- Born: José Luis Villabaso Gorrita 20 August 1852 Bilbao, Biscay, Spain
- Died: 26 July 1917 (aged 64) Unknown
- Citizenship: Spanish
- Occupations: Industrialist; Sports leader;
- Known for: President of Bilbao FC

President of Bilbao FC
- In office 1900–1900
- Preceded by: Carlos Castellanos
- Succeeded by: Carlos Castellanos

= José Luis de Villabaso =

Spanish businessman and sports leader

José Luis de Villabaso Gorrita (20 August 1852 – 26 July 1917) was a Spanish industrialist. He is best known for being the fundamental force behind the foundation of Bilbao Football Club in 1900, the very first official club in the city of Bilbao.

==Early and personal life==
José Luis de Villabaso was born on 20 August 1852 in Bilbao, as the son of Juan Antonio Villabaso Uribarri and María Jesús Gorrita Echavarri.

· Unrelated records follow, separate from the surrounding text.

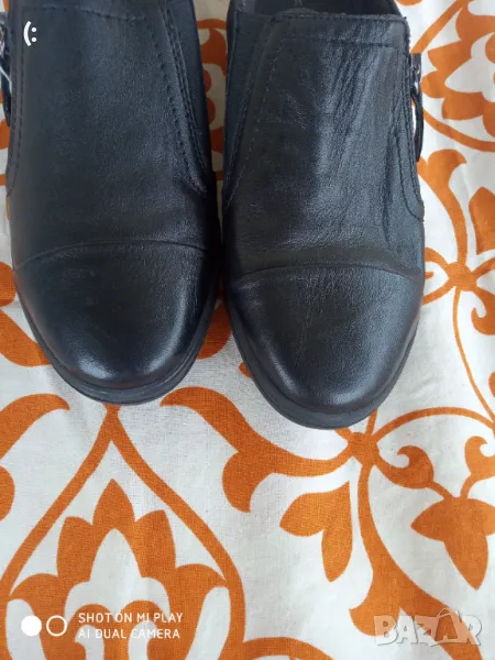 Обувките са в отлично състояние,обувани са само за проба..Цвета е класически черен.Изработени са от мека естествена кожа.Много удобни и мекички.Номер 39 с дължина на стелката 25,5см.Идеални за широк крак.Лесно се обуват имат цип .Марката е немска.Цена 42лв.
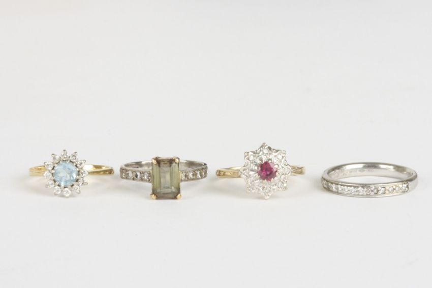 Three 18ct gold dress rings and another including a ruby and diamond ring, an aquamarine and diamond ring, a peridot and diamond ring, and a diamond half eternity ring. (4), Condition: All in good condition.
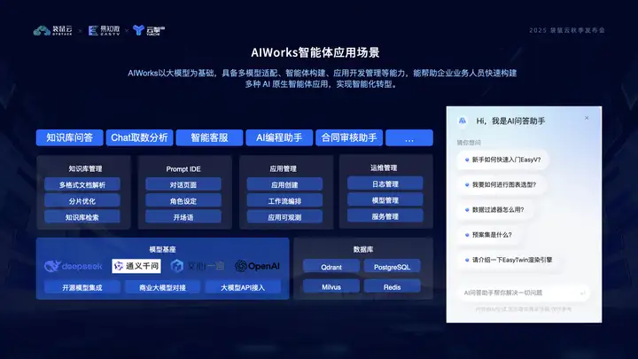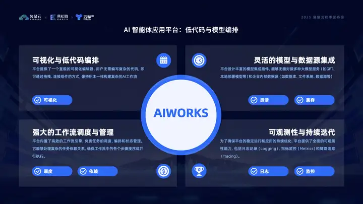 - AIWorks 智能体开发平台层:作为核心平台,提供从数据接入到应用发布的全流程工具链。其中,工作流模块支持复杂业务逻辑自动化、智能化实现,可调用外部工具与内部系统;RAG 模块解决大模型 “幻觉” 与知识滞后问题,提升问答准确性;模型管理与应用发布模块保障模型全生命周期管理与快速落地。

He married Isabel Zabaleta Larrañaga, and the couple had five children, Fernando, Luis, María de las Mercedes, Pilar, and Rafael Villabaso Zabaleta. His sister María Elisa married José María de Arteche y Osante, a liberal politician from Biscay who become the president of the Biscay delegation, and the couple had two children Antonio and Julio de Arteche y Villabaso.

The Villabaso family settled in the capital of Biscay, where they established relations with the elite of the Bilbao bourgeoisie.

==Professional career==
Villabaso was a member of the first board of directors of the Banco del Comercio, which was founded in Bilbao on 20 May 1891. On 1 May 1901, the committees of the Banco del Comercio and the Banco de Bilbao signed the deed of liquidation of their respective companies to create a new Bank, which under the name of Banco de Bilbao. Villabaso, who had already been the managing director of Banco de Comercio, eventually became the chief executive officer (CEO) of Banco de Bilbao.

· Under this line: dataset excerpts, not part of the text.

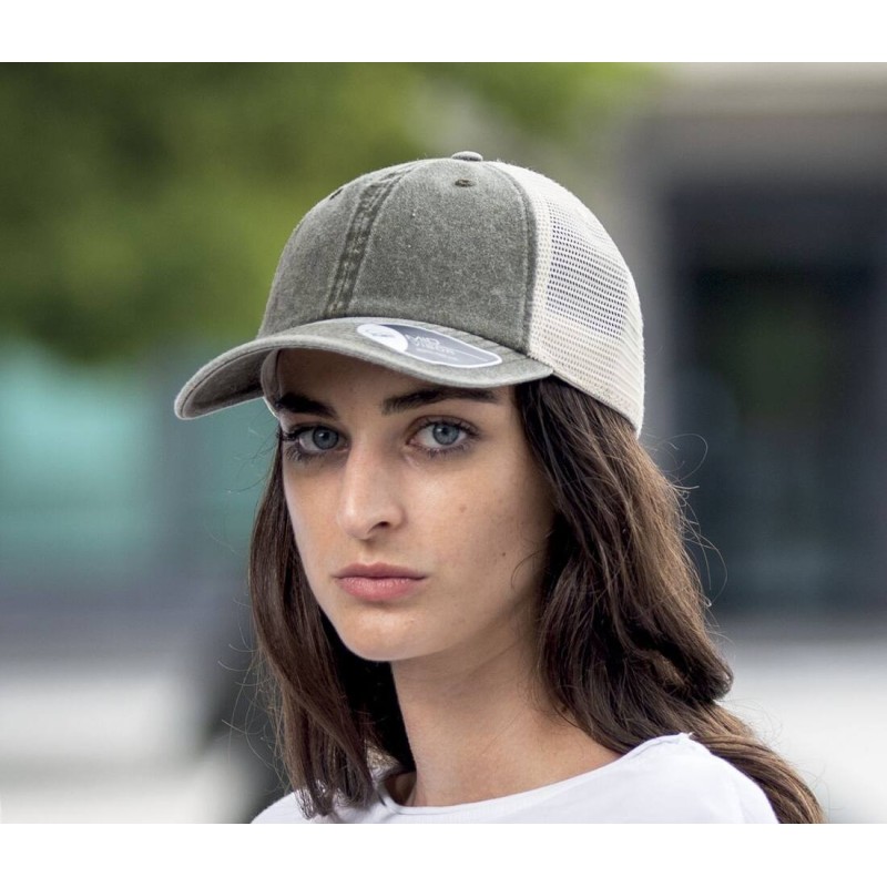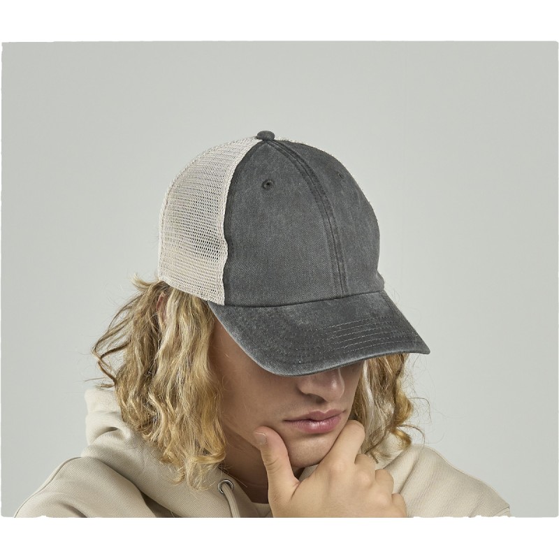 Le style casual et vintage rencontre la célèbre forme de la casquette trucker.. Trucker Cap, Cotton, MID VISOR, oeillets surpiqués, 8 COUTURES SUR LA VISIERE. Main fabric: 100% coton_x000D_
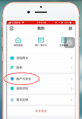 2、找到賬戶與安全
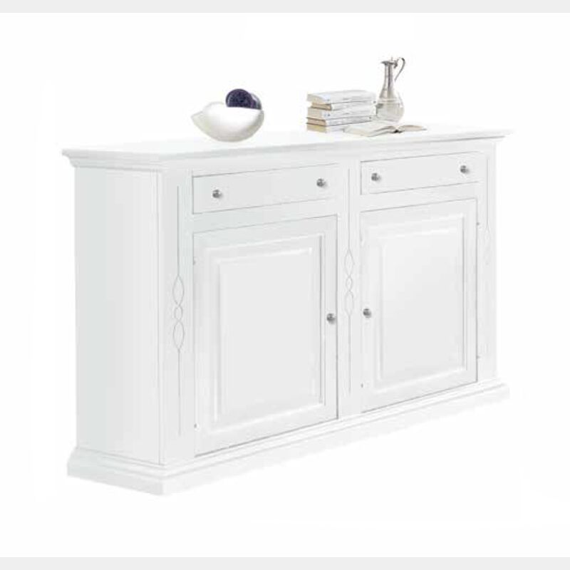 Bellissimo credenzone in legno, bianco opaco, arte povera: sobria e moderna, presenta una linea che può essere abbinata sia ad un ambiente classico che a uno moderno. Corredata di due ante e due cassetti.
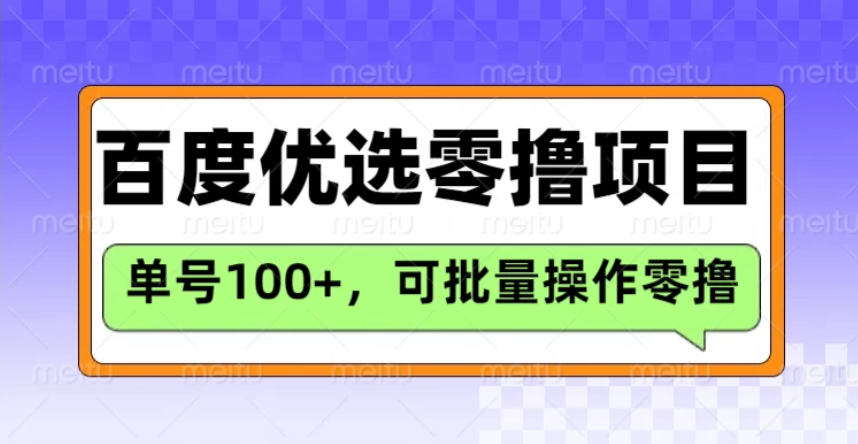 百度优选推荐官项目,单号日入100+,长期稳定,可以批量放大操作,全套教程下载:
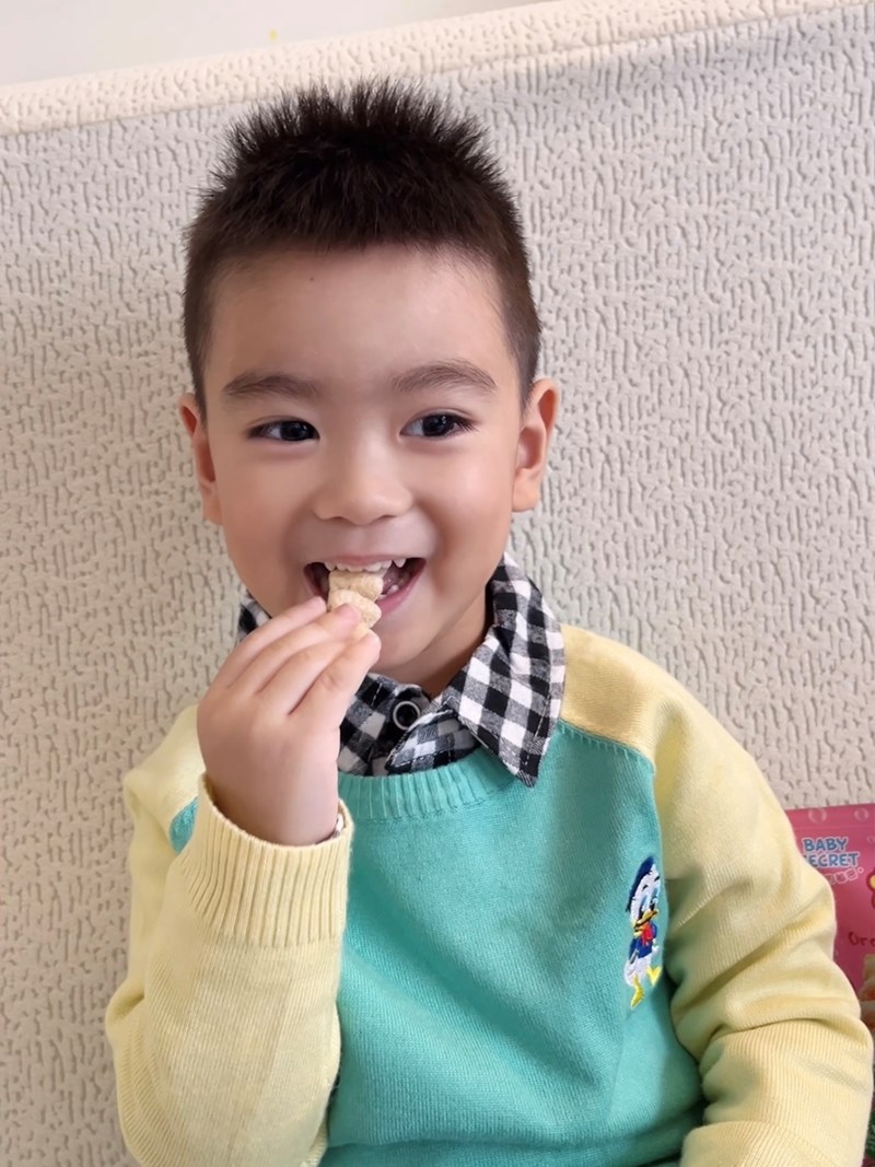 波浪造型讓他的小手比較好掌握,不會一下子塞太多,而是一口一口慢慢咀嚼。
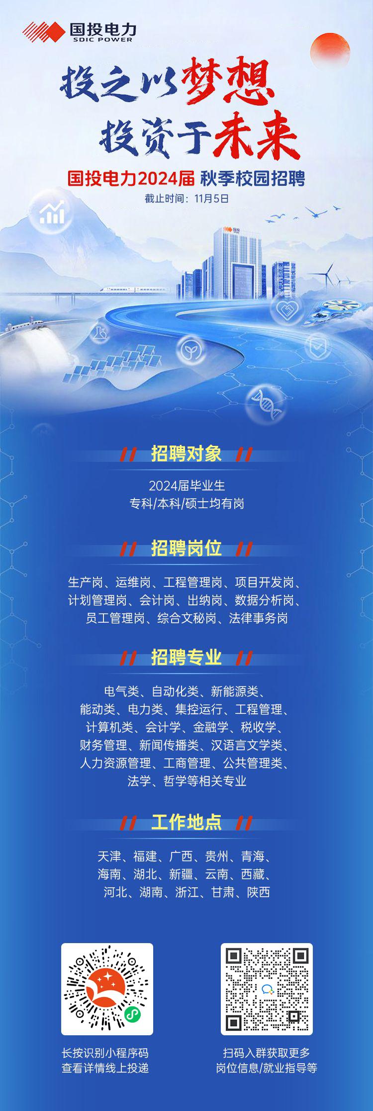 招聘专业:电气类、自动化类、新能源类、能动类、电力类、集控运行、工程管理、计算机类、会计学、金融学、税收学、财务管理、新闻传播类、汉语言文学类、人力资源管理、工商管理、公共管理类、法学、哲学等相关专业
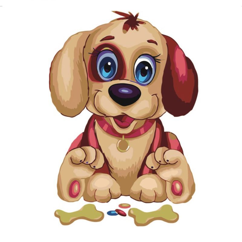 Картина за номерами Strateg ПРЕМІУМ Веселе цуценя з лаком розміром 30х30 см ES009

On 2 October 1905, Villabaso participated in a meeting, held in the Board Room of the Banco de Bilbao, that dealt with both the merger of the settlement of Elgoibar's debt and the merger of three railway companies, with his presence being not only on his own behalf as the director of Banco de Bilbao, but also on behalf of Domingo Villaamil Fernández del Cueto, the director of the Bilbao branch of the Bank of Spain, who could not attend due to being unwell.

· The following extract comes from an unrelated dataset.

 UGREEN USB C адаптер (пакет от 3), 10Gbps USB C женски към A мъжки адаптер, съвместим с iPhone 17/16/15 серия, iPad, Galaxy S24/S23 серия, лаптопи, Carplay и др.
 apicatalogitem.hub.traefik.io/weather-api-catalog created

His nephew Julio had planned to become an industrial engineer, but abandoned his studies when he was just three classes short of a degree after being appointed as a Director of the Banco de Bilbao in 1903, at 25 years of age, getting this position mainly thanks to the influence of his uncle. Both Julio and his uncle José Luis played a very active role in Consortium of Saltos del Duero and the Sociedad Hispano-Portuguesa de Transportes Eléctricos, two companies launched by the Banco de Bilbao to carry out the necessary procedures and works with which the most important hydroelectric business of the moment would be launched: the Saltos do Douro.

==Sporting career==
On 30 November 1900, Villabaso used his own house in the Biscayan neighborhood of Algorta to host an informal meeting between the members of Bilbao Football Club, which had been playing football matches unofficially since 1896 under the leadership of Carlos Castellanos, whose father Manuel Castellanos he had known since at least 1891 when they were members in the first board of directors of Banco del Comercio. In this meeting, the club was finally officially established, a great step that was only possible thanks to the endorsement of Villabaso.

==Death and legacy==
de Villabaso died in Barcelona on 26 July 1917, at the age of 64. After Villabaso's sudden death in 1917, and since the bank had begun to expand in Spain, José Manuel Figueras Arizcun was promoted to CEO of Banco de Bilbao after having previously served brilliantly in the Madrid Office and, before that, at Crédit Lyonnais, where he headed the General Sub-Directorate. Julio went on to be unanimously appointed by the Banco de Bilbao's board of directors to the chairmanship of the bank after the Annual General Meeting of 31 January 1942. His son Fernando went on to became the mayor of Bilbao in 1915.